Entries shown Block Start

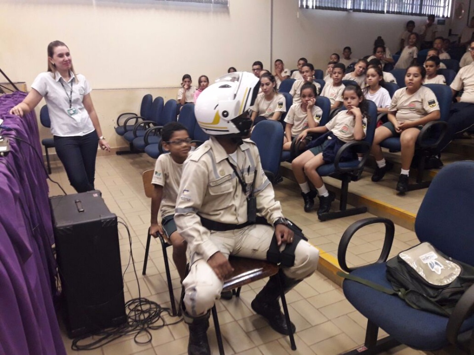 A parceria entre o Departamento Municipal de Trânsito e o Detran, que se deu a partir do pedido do prefeito Angelo Guerreiro, proporcionou a realização do evento. Os alunos da rede pública ouviram orientações de normas de circulação e segurança.
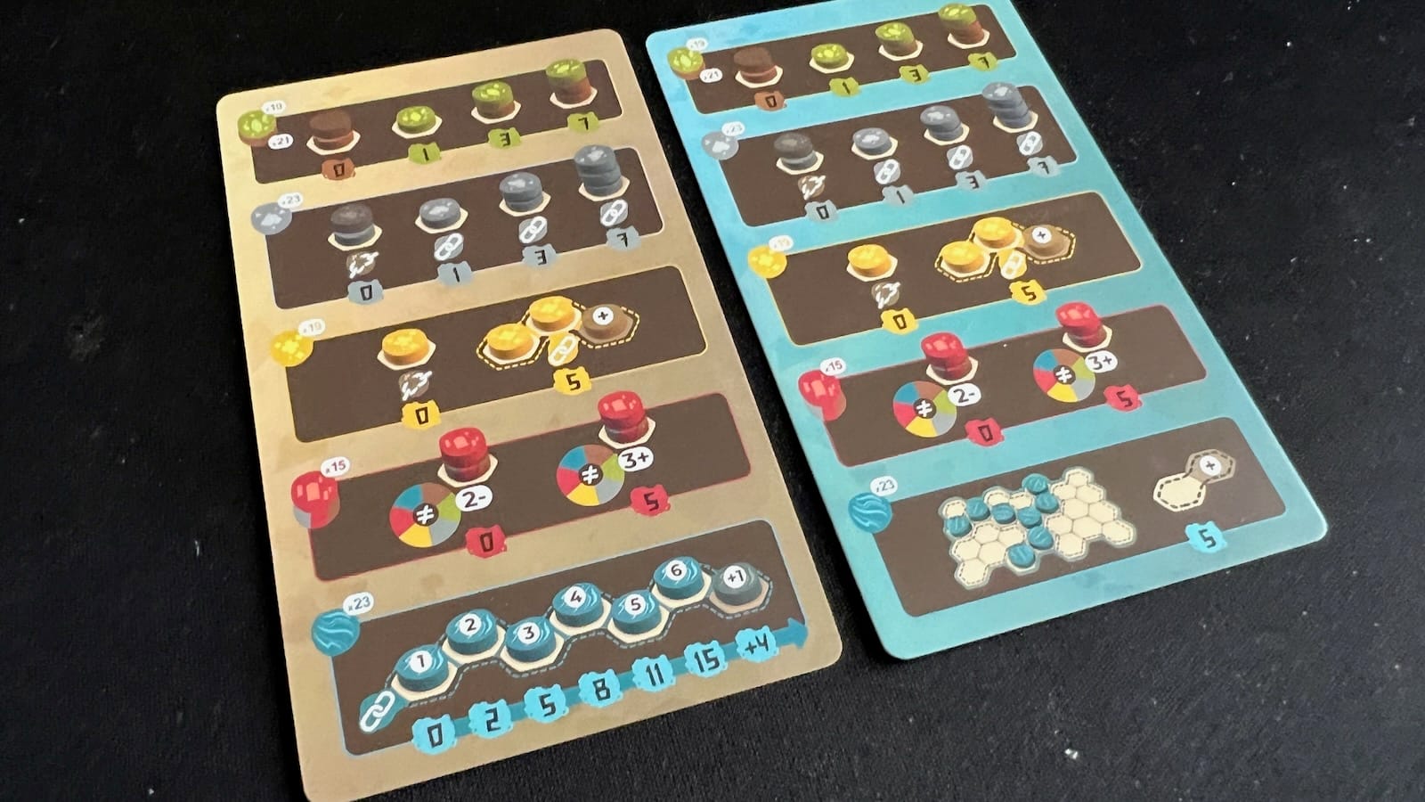 After each player’s turn, the missing tiles and cards are replenished and play continues clockwise around the table. When the bag holding the tiles is empty or a player board only has two empty spaces remaining, the current round is finished and players score their boards.
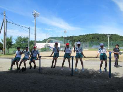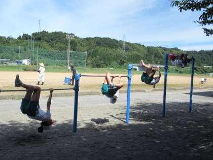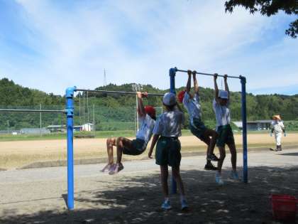 9月5日(月)6年生 晴れた日は鉄棒で 公開日 2022/09/05 更新日 2022/09/05 6年生 体育タイムと3限の間の休憩時間に鉄棒で遊びました。久しぶりに晴れてとても気持ちが良いですね。4人ならんで「ぶたのまるやき」をする、ユニークな6年生でした。
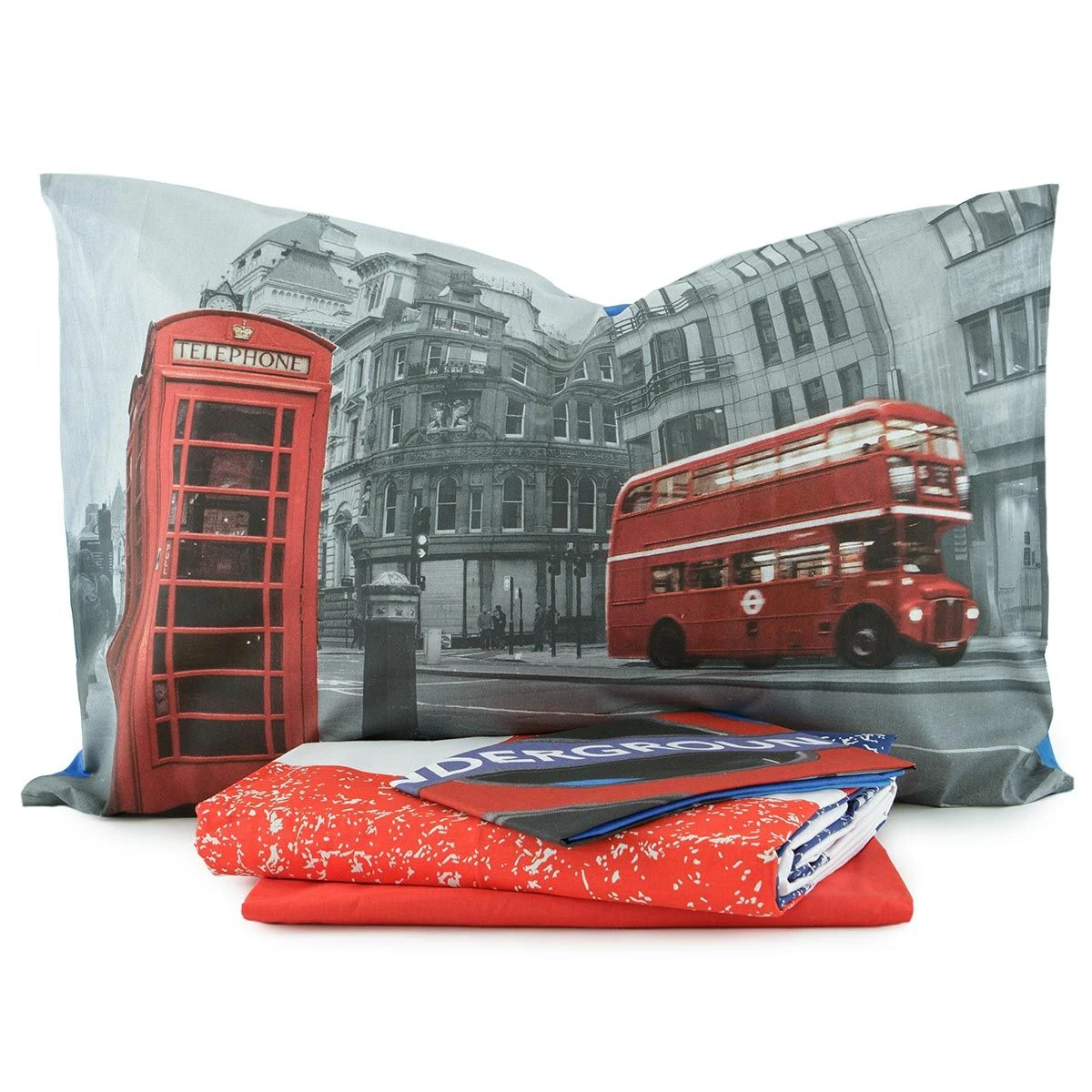 La città di Londra si caratterizza per alcuni elementi che la rendono famosa in tutto il mondo in particolare la classica cabina telefonica di colore rosso ed il logo della metropolitana “underground”. Tutto lo stile eclettico di questa città cosmopolita è riprodotto sul completo copripiumino Union Jack della Bassetti, l’articolo è realizzato al 100% in puro cotone naturale nel rispetto di tutte le norme in tema di ecologia vigenti.
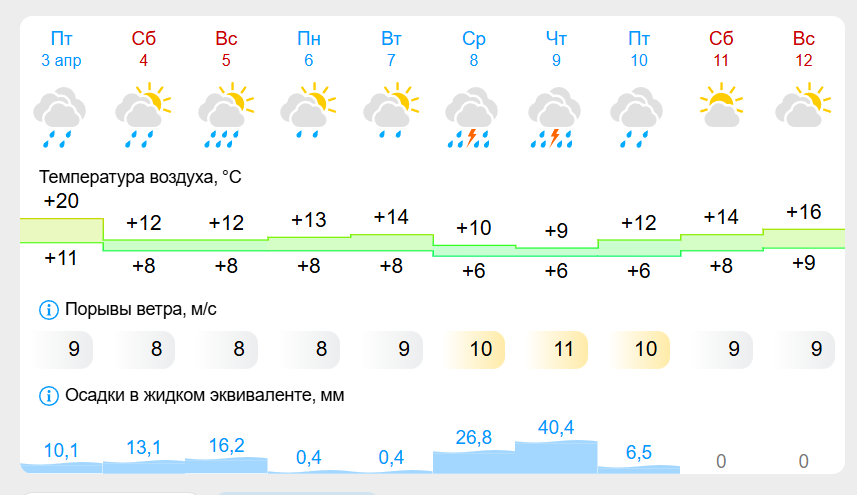 Вечером 3 апреля в Сочи и на федеральной территории Сириус прогнозируется ухудшение погодных условий. Ожидаются гроза и шквалистое усиление ветра с порывами до 15–17 метров в секунду. Утром и днём 4 апреля местами пройдёт сильный дождь. Температура воздуха, достигшая аномальных +20°C, понизится на 9 градусов — до +11°C.
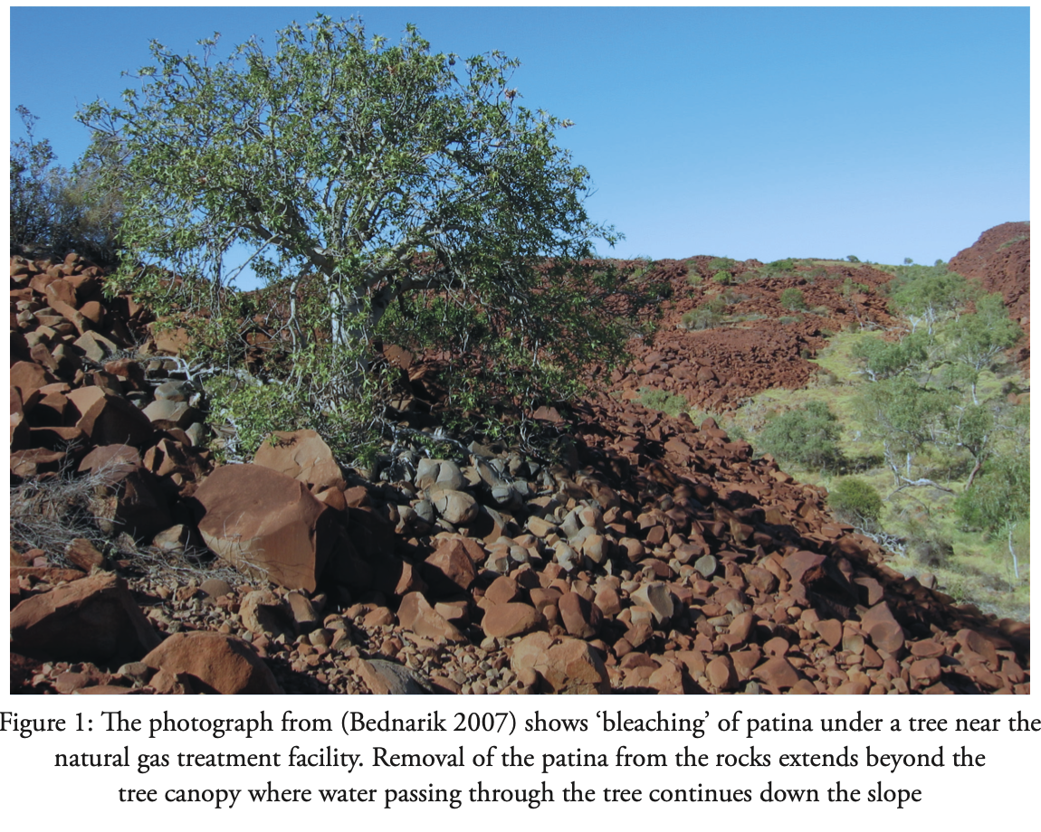 Bednarik (2007) suggested that because of the very low rainfall on Murujuga, tree canopies can retain large amounts of the dry deposits of nitrogen dioxide and sulphur dioxide because of their many layers of foliage. Rainwater falling through the foliage concentrates these acid forming chemicals beneath the trees. Bednarik (2007) collected the ‘through-fall’ rain under trees at sites on Burrup Peninsula in 2004 and found it to be highly acidic with pH as low as 3.2. He found complete removal of the rock patina below a tree adjacent to the natural gas facility where the low-pH 3.2 rain was collected (Fig. 1).
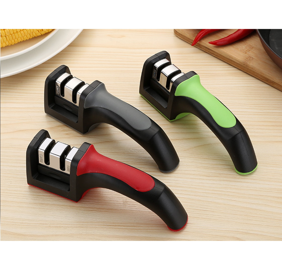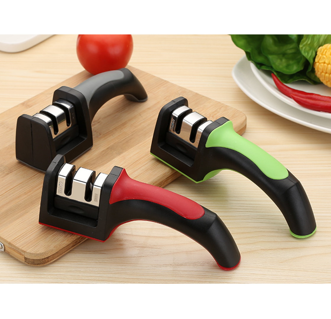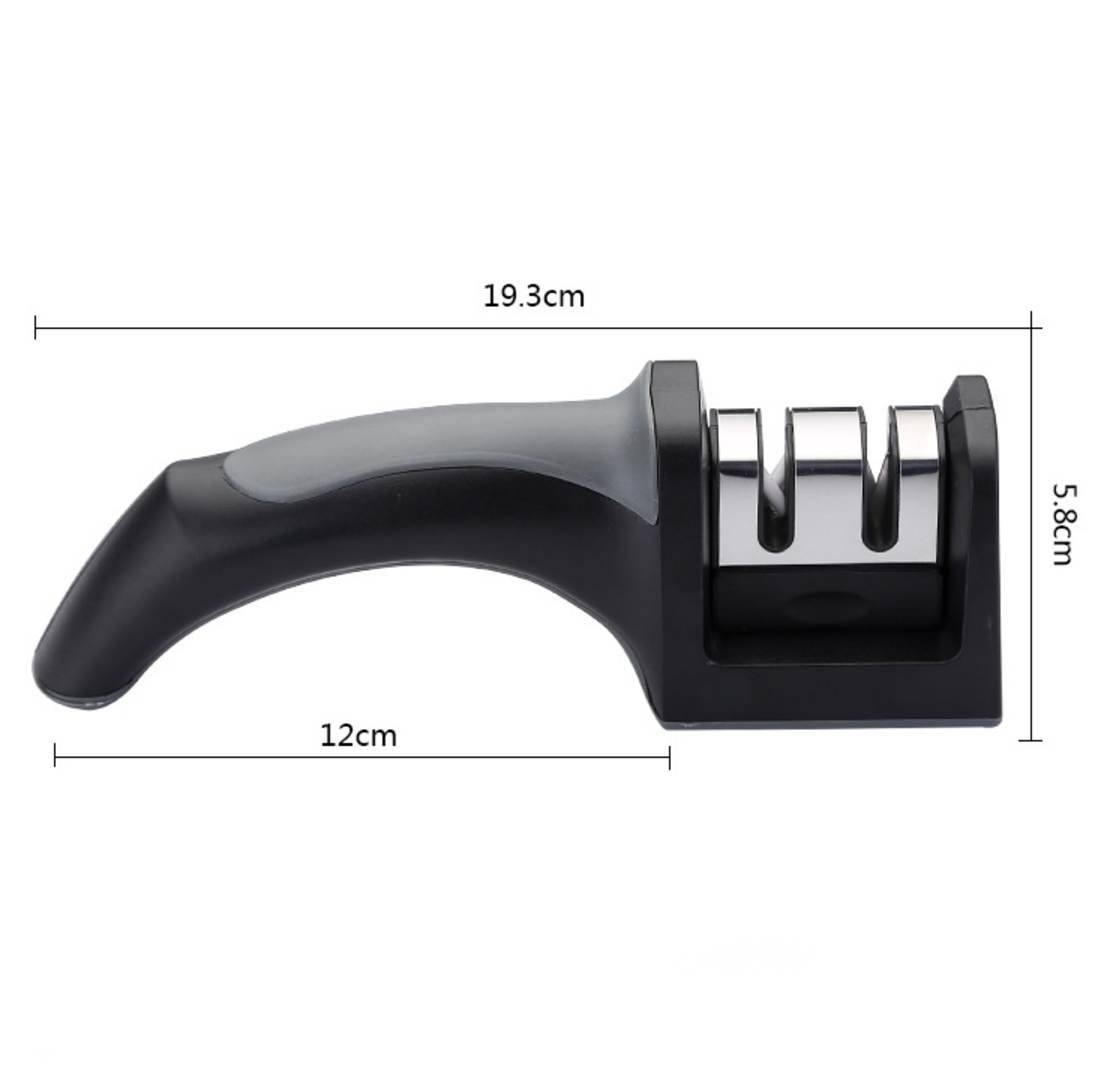 Handle Size (L x W x H): 190mm x 50mm x 55mm Widely used in Stainless Steel kitchen knives, fruit knife, chef's knife the two-stage design, both coarse and fine grinding unique sharpening wheel design, convenient tool back and forth grinding stainless steel tube handle design, stylish and practical stainless steel plate with EVA non-slip base to ensure sharpener security How to
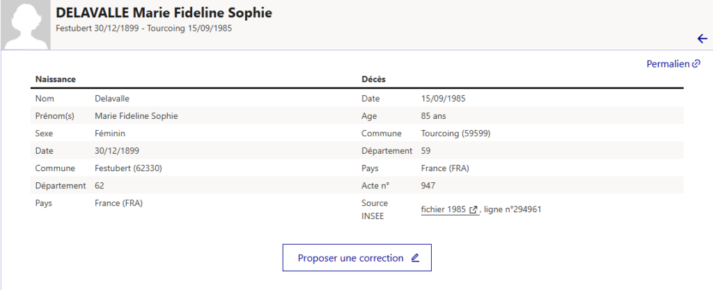 Pour Marie Fidéline Sophie DELAVALLE, je tente une nouvelle fois la consultation des fichiers des décès de l’INSEE et trouve la date et le lieu de décès : le 15 septembre 1985 à Tourcoing (Nord)

Entries shown Block End

▸ **Exercise aim**
Text only, no pictures: please print exactly the lines above from the line with "9月5日(月)6年生 晴れた日は鉄棒で 公開日" up to and including the line with "Вечером 3 апреля", and nothing else.

▸ **Reply to the task**
 9月5日(月)6年生 晴れた日は鉄棒で 公開日 2022/09/05 更新日 2022/09/05 6年生 体育タイムと3限の間の休憩時間に鉄棒で遊びました。久しぶりに晴れてとても気持ちが良いですね。4人ならんで「ぶたのまるやき」をする、ユニークな6年生でした。
 La città di Londra si caratterizza per alcuni elementi che la rendono famosa in tutto il mondo in particolare la classica cabina telefonica di colore rosso ed il logo della metropolitana “underground”. Tutto lo stile eclettico di questa città cosmopolita è riprodotto sul completo copripiumino Union Jack della Bassetti, l’articolo è realizzato al 100% in puro cotone naturale nel rispetto di tutte le norme in tema di ecologia vigenti.
 Вечером 3 апреля в Сочи и на федеральной территории Сириус прогнозируется ухудшение погодных условий. Ожидаются гроза и шквалистое усиление ветра с порывами до 15–17 метров в секунду. Утром и днём 4 апреля местами пройдёт сильный дождь. Температура воздуха, достигшая аномальных +20°C, понизится на 9 градусов — до +11°C.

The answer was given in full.